Nick Groom

Closed-class keywords and corpus-driven discourse analysis


The advent of computer-assisted keyword analysis has opened up a range of exciting new possibilities for researchers interested in studying the meanings, values and attitudes associated with particular discourse communities. However, keyword lists extracted from corpora representing specialized discourses typically contain hundreds or even thousands of candidate items for analysis, even when extremely high statistical cut-off values are applied (e.g. p = .0000001). This being the case, the question arises as to how a principled and yet maximally useful selection of items for closer qualitative analysis might be made.

A simple and frequently applied solution is to focus exclusively on the words at the very top of the list, and to disregard anything that falls below an arbitrary cut-off point. Another commonly (and in practice often jointly) applied solution is to prioritise certain types of keyword over others, or even to discard some keyword types from the analysis altogether. Usually this involves discarding any keywords that belong to closed grammatical classes (i.e. conjunctions, determiners, prepositions and pronouns), on the grounds that they are not indicative of the semantic content of a corpus and thus not germane to the concerns of the discourse analyst.

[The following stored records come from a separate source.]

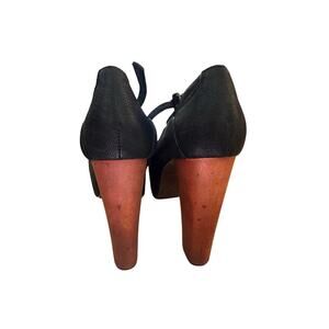 Jeffrey Campbell Women's Black Foxy Wood Platform Heel Sandals T-strap Size 8.5
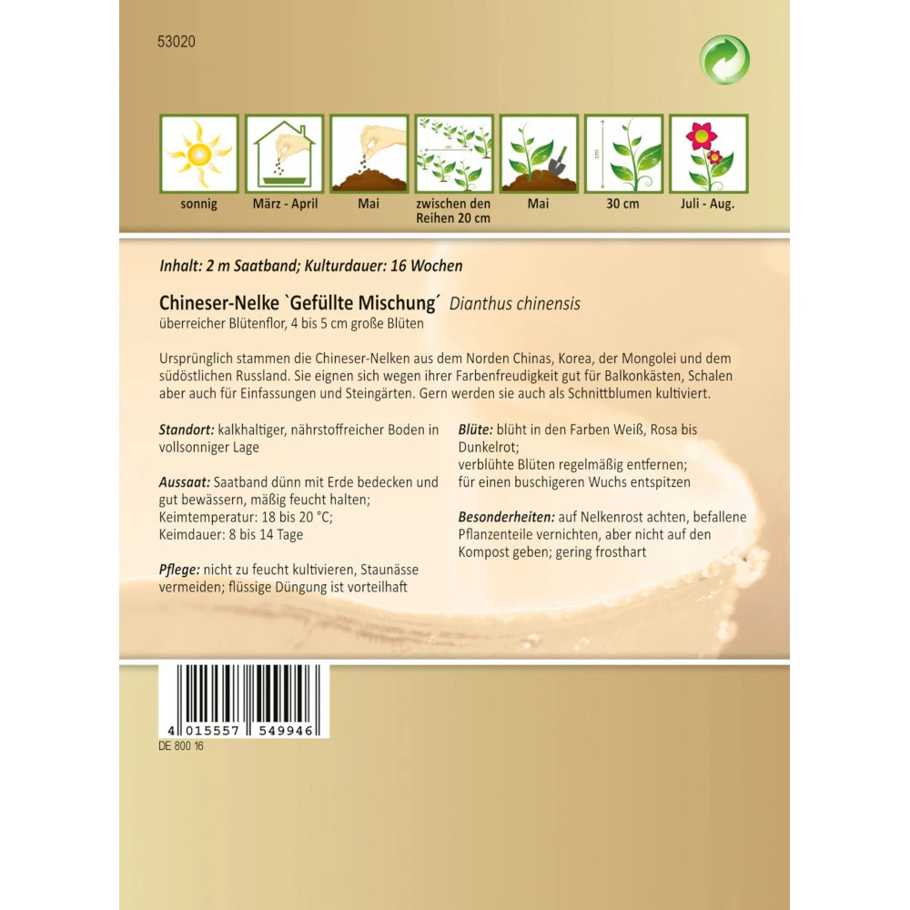 - Saatgut Chineser Nelke gefüllte Mischung, 2 Meter Saatband
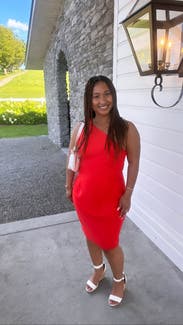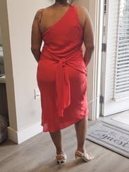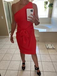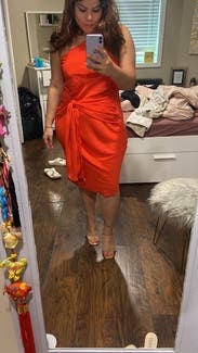 Received this dress as a backup, didn't actually wear it. It's a fun cut and color, but too high maintenance for me. The fabric is very thin, so I definitely would've needed to wear spanx and just the right bra. I'm currently pregnant so I thought the tie in the front would cover my bump well, but wanted something more forgiving and easier to wear. You could see all the bumps in my bigger than usual butt, lol. I would recommend this if you're on the thinner side.
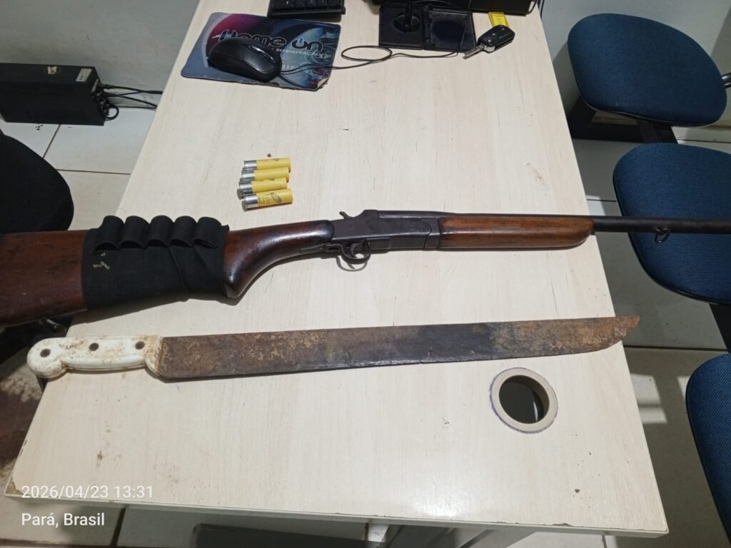 Por volta das 11h16 desta quinta-feira (23/04/2026), uma guarnição da Polícia Militar foi acionada pela central após denúncia de ameaça com arma de fogo no Travessão KM 165 Sul, a cerca de 10 km da faixa, na zona rural de Uruará, no sudoeste do Pará.
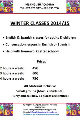 Do you want to learn Spanish or English? Hi5 English Academy is the place for you. We have classes for adults and for children to learn the fun way. Call us now to book a free trial class on 672026947 and ask for Jenny.
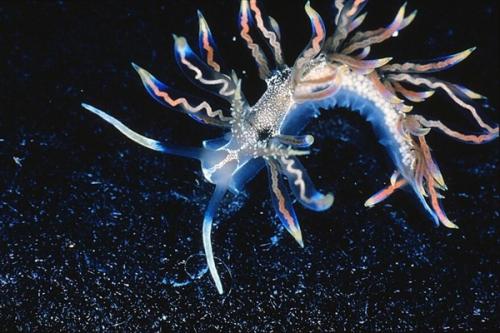 迷幻灰翼海蛞蝓”Phyllodesmium acanthorhinum可能是以柳珊瑚Acabaria为食,它体色透明,露鳃中的橙红色消化腺颜色清晰明亮,搭配金属蓝的底色和亮白色细点,十分有科幻感。其中,它储存刺细胞的刺丝胞囊就是每条露鳃顶部的黄白色区域。
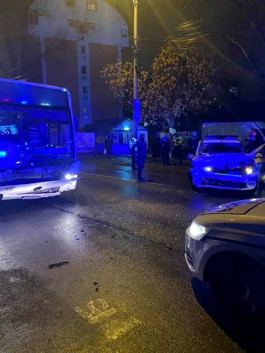 Mașină de poliție lovită de autobuz, în Capitală! Doi agenți primesc îngrijiri medicale / FOTO
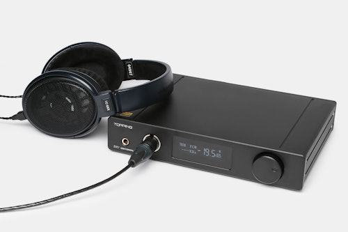 It’s not often that a fully balanced DAC/amp comes along at a price like this. Featuring a four-pin balanced connection on the front, the Topping DX7 is ideal for driving headphones like the Massdrop x Sennheiser HD 6XX with a balanced cable installed. Along with being a great pairing with a computer, it can be used as the center of an audio setup and features two XLR outputs, a coaxial input and output, a USB input, and an included remote control. This all-in-one unit uses XMOS and dual ESS DACs and a four-channel amp program, and supports up to 384kHz/32bit PCM files and DSD128. Complete with an OLED display, it can run either 110V or 220V and has a power mode switch on the left side.
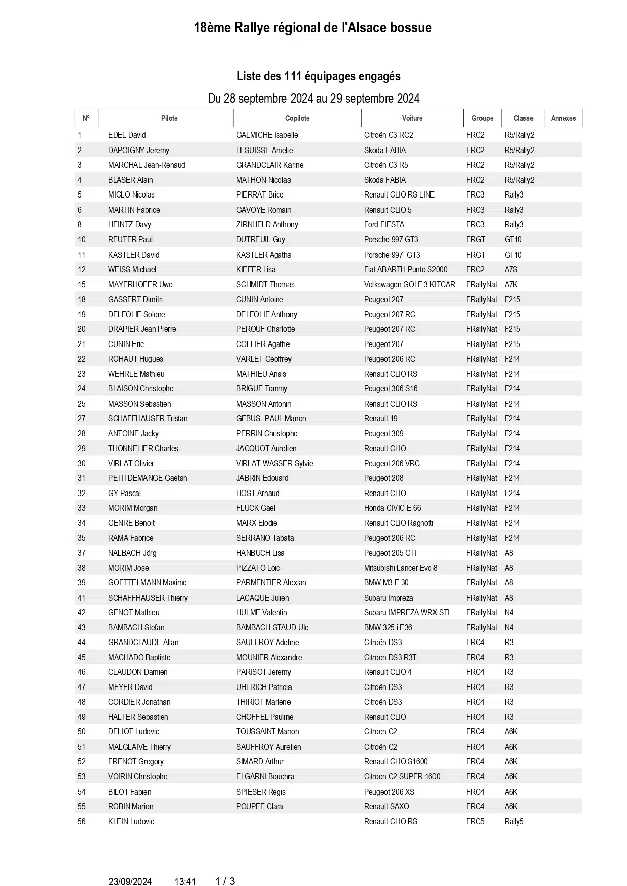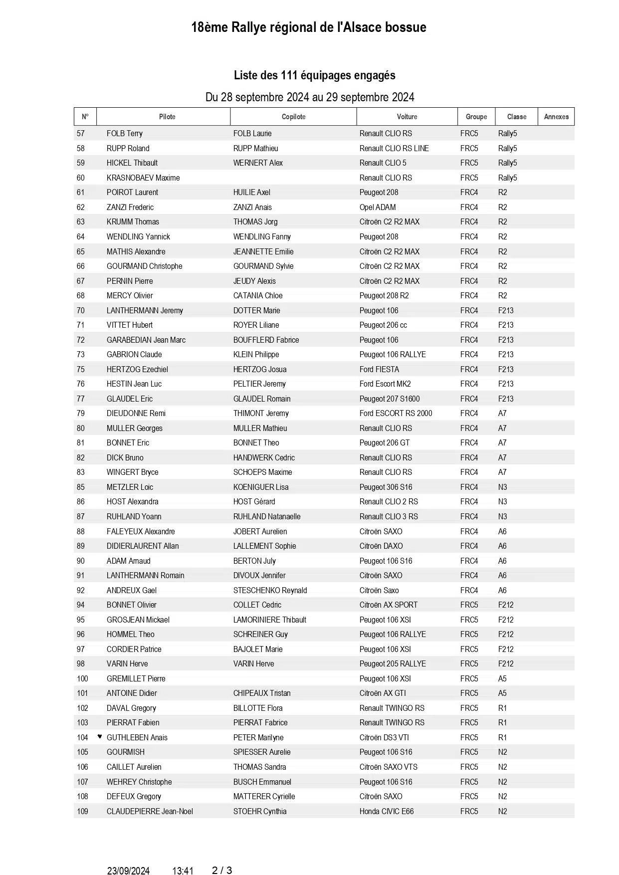Rallye Alsace Bossue 2024 : Liste des engagés

In this talk, however, I will present a case for pursuing exactly the reverse strategy. That is, I will make a case for discarding all of the open-class items (i.e. the nouns, verbs, adjectives and adverbs) in a keywords list as a preliminary step, and focusing instead on the closed-class keywords that remain. My argument is divided into two parts. The first part argues why, contrary to conventional wisdom among discourse researchers, closed-class keywords constitute valid and productive objects of study. In the second part, a detailed rationale for focusing exclusively on closed-class keywords is provided. Throughout, the argument will be illustrated with examples from my own ongoing research into the academic discourses of history and literary criticism.